RealPage and Its Clients Are in Even More Legal Trouble

By Franco Faraudo

At the end of last year, the property management software company RealPage found itself the focus of an investigative report about its role in rent increases. This led to a class action lawsuit that claimed that their product, YeildStar, shared pricing data, effectively creating a “cartel” that was allowing landlords to collude on rent prices. The lawsuit also named some of the company’s largest clients in the suit, holding them liable for using software they had no role in creating.

There have been a lot of opinions on the merits of this case. There is evidence that the neighborhoods where YeildStar was most prevalently used have had disproportionally high rent increases. But whether the software was used by enough of the overall market to really inflate prices is still up for debate. Ultimately, the jury will have to decide.

But even as RealPage waits to hear its fate in the lawsuit another, maybe more worrisome, legal issue has arisen. Yesterday, the Attorney General of Washington D.C. filed a complaint against RealPage and 14 of the area’s largest landlords, claiming that their use of YieldStar (as well as their new AI Revenue Management referred to by AIRM) violated the district’s Antitrust Act.

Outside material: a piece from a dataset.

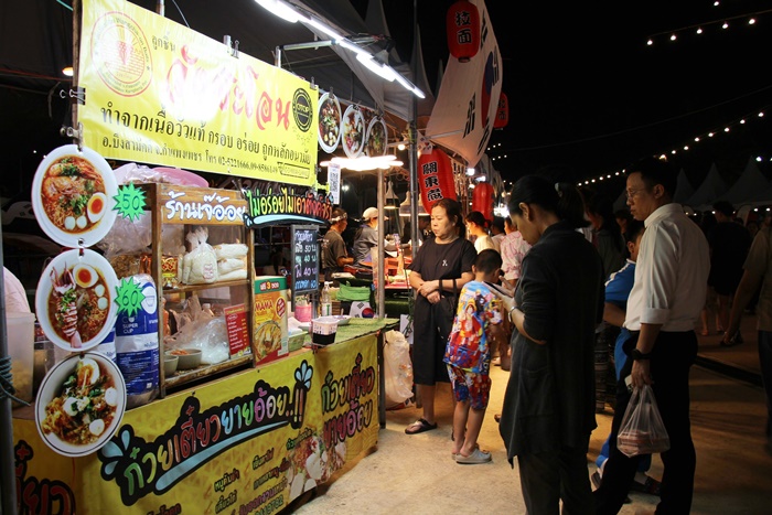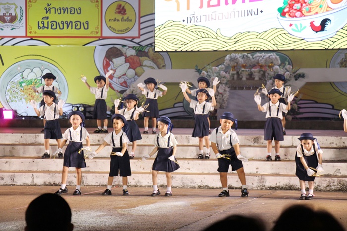 การแสดงที่หลากหลายและน่าจับตา น้องๆ นักเรียนได้สลับกันขึ้นเวทีนำเสนอการแสดงถึงความหลากหลายทางวัฒนธรรมและทักษะที่ได้รับการฝึกฝนมาเป็นอย่างดี โดยการแสดงชุดพิเศษที่ถ่ายทอดเรื่องราวของ “เส้น” อาหารที่เชื่อมโยงผู้คนทั่วโลกเข้าด้วยกัน “อาหารประเภทเส้น” ซึ่งมีอยู่ในหลากหลายวัฒนธรรมทั่วโลก ไม่ว่าจะเป็น เส้นก๋วยเตี๋ยวของไทย บะหมี่จีน ราเมนญี่ปุ่น หรือพาสต้าของอิตาลี แต่ละชาติยกให้ “เส้น” เป็นสัญลักษณ์แห่งความยาวนาน ความรัก ความกลมเกลียว และความสามัคคี จิตวิญญาณเดียวกัน การแสดงชุดนี้จึงไม่เพียงสะท้อนความอร่อยของอาหารขึ้นชื่ออย่าง “ก๋วยเตี๋ยวกำแพงเพชร” เท่านั้น แต่ยังเป็นบทบันทึกแห่งวัฒนธรรม ความหมาย และคุณค่าที่เชื่อมผู้คนเข้าด้วยกัน ทั้งในระดับท้องถิ่น ระดับชาติ และระดับนานาชาติ อันสมกับเจตนารมณ์ของงานเทศกาลที่ต้องการให้ผู้ร่วมงาน “อิ่มท้อง อิ่มใจ และอิ่มวัฒนธรรม” ไปพร้อมกัน ซึ่งการแสดงประกอบเพลงของนักเรียนในชุดเครื่องแบบของโรงเรียนก็ไม่น้อยหน้า ออกลีลาการเต้นประกอบเพลงอย่างมั่นใจและน่ารัก สร้างความประทึกใจให้กับผู้ชม โดยมีนายชาธิป รุจนเสรี ผู้ว่าราชการจังหวัดกำแพงเพชร เป็นประธานเปิดงาน มี ดร.ธิติ มหบุญพาชัย ประธานหอการค้าจังหวัดกำแพงเพชร กล่าวรายงาน และมีแขกผู้มีเกียรติ นายกเหล่ากาชาดจังหวัดกำแพงเพชร ส่วนราชการ ภาคเอกชน มูลนิธิ ประชาชน พ่อค้าแม่ค้า กลุ่มผู้ประกอบการรุ่นใหม่ YEC หอการค้าจังหวัดกำแพงเพชร ร่วมกิจกรรมอย่างพร้อมเพียง

The complaint claims that the rent suggested by the software created a way for landlords to not compete on price, an important piece of any antitrust case.

“Rather than pursue a “heads in beds” strategy—i.e., competing on price to attract the most renters—Defendants have conspired to share information, limit supply, and drive up rents. In a truly competitive market, one would expect competitors to keep their pricing strategies confidential—especially if they believe those strategies provide a competitive edge. Here, in contrast, Defendants understand that recruiting more would-be competitors to their anticompetitive scheme only increases their mutual ability to extract unlawfully higher rent, confident that their competitors will not dramatically undercut their prices.”

The way that RealPage automated the process for landlords to insert the suggested rental prices in their listing was also cited in the documentation: “RealPage facilitates landlords’ compliance with the agreement in many ways, including through a software feature that automatically accepts rents generated by the RM Software. In both AIRM and YieldStar, this feature is called “Auto Pilot” and, if enabled, causes the RealPage-generated rents to be automatically “accepted” and deployed to the landlord’s property management system. LRO offers a similar feature referred to as “Rent Syndication,” which automatically sends LRO pricing information to Internet Listing Services where the landlord’s units are marketed.”

The brief then goes on to use RealPage’s advertising, landlord’s earnings calls, and even events like OPTECH and NMHC as further evidence of collusion. It also brings in RealPage’s use of Yardi’s data as further proof they gave access to non-public data to landlords as a way to help them inflate prices: “RealPage ingests non-public data from competing property management systems, including from Yardi, which is OneSite’s leading competitor in the market.”

These are all very serious allegations, but so too were those of the class action suit. The difference here is that, unlike independent lawyers for class action suits, an Attorney General won’t file a claim like this unless they are fairly certain that they will win the case. RealPage and its clients have a lot of legal prowess themselves and will fight this case for all its worth, but, as of right now, things are not looking good for them or any company that helps landlords share data.